Day 6 (or maybe 7)I couldn’t find it and Ollie had already left. He struck out by 6 am each day. Dang! Well, we had talked about French camp, it’s only 10 miles away and they have a b&b. That should mean the possibility of me buying just one of those “B’s”, right? French camp is cool. The first thing I’ve really enjoyed about the Trace, except the coyotes. Log cabins and buildings. It’s beautiful and it’s run by a local school and used by the school. No restaurant and nearly nothing is open on Sunday morning. There was a local convenience store, but they don’t do breakfast on Sunday. I waited around long enough to get lunch and to get harrangued by a local who thought I ought to have a license plate on my bike and he wanted to have a fight over it. No chance. I told him that I thought he was not doing the local community any favors by picking fights with people as they arrive in town. That I was looking for breakfast, not looking for a problem. He left, everyone apologized, and I ate in peace. Kept company by a local gentleman who had gone to school over at the French Camp. After breakfast, I went on to Kosciusko. Only 30 miles today, but there was a healthy headwind, I wanted to wash my clothes, so my clothes and my self were clean at the same time, and get some food and out of the wind. Tomorrow, Jackson is my goal. There is a headwind of 10-12 mph in the forecast, but 50 miles should be very doable with that. The Trace hasn’t had remarkably beautiful vistas,
many opportunities to meet locals, wifi, showers or much else to cause me to recommend it to other cyclist.

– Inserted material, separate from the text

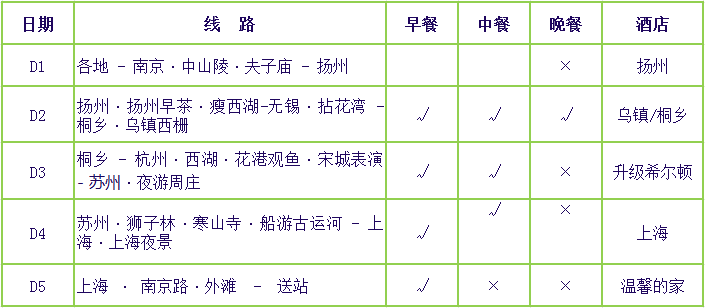 宜昌到華東五市(揚州+南京+杭州+蘇州+上海)具體行程

I might do it again, because it’s close to my daughter’s school, and hence seems simple, but I’m not sure. There are wild pigs along the parkway, here in Mississippi, and everyone warns us about them. Though hunting is legal on Sunday, beer and alcohol sales isn’t. So there isn’t even a glass of wine in the evening, unless you’ve carried it with you all day. The historic markers are frequently just to offer some information about the area, rather than to point out a specific site or ruin. There’s nothing at many of them. They mention things that used to be along the actual Natchez Trace, but since this is the Parkway, and only intertwines from time to time with the original trace, the actual sites of which the markers elude aren’t where the markers are. The occassional glimpses of the old Trace are quite lovely.
I’ve enjoyed aspects of this tour, but by and large, I haven’t felt the sense of security that I had during the spring and fall. This tour has felt very impersonal at many times. I’ll post pics later. There haven’t been many photogenic moments, though.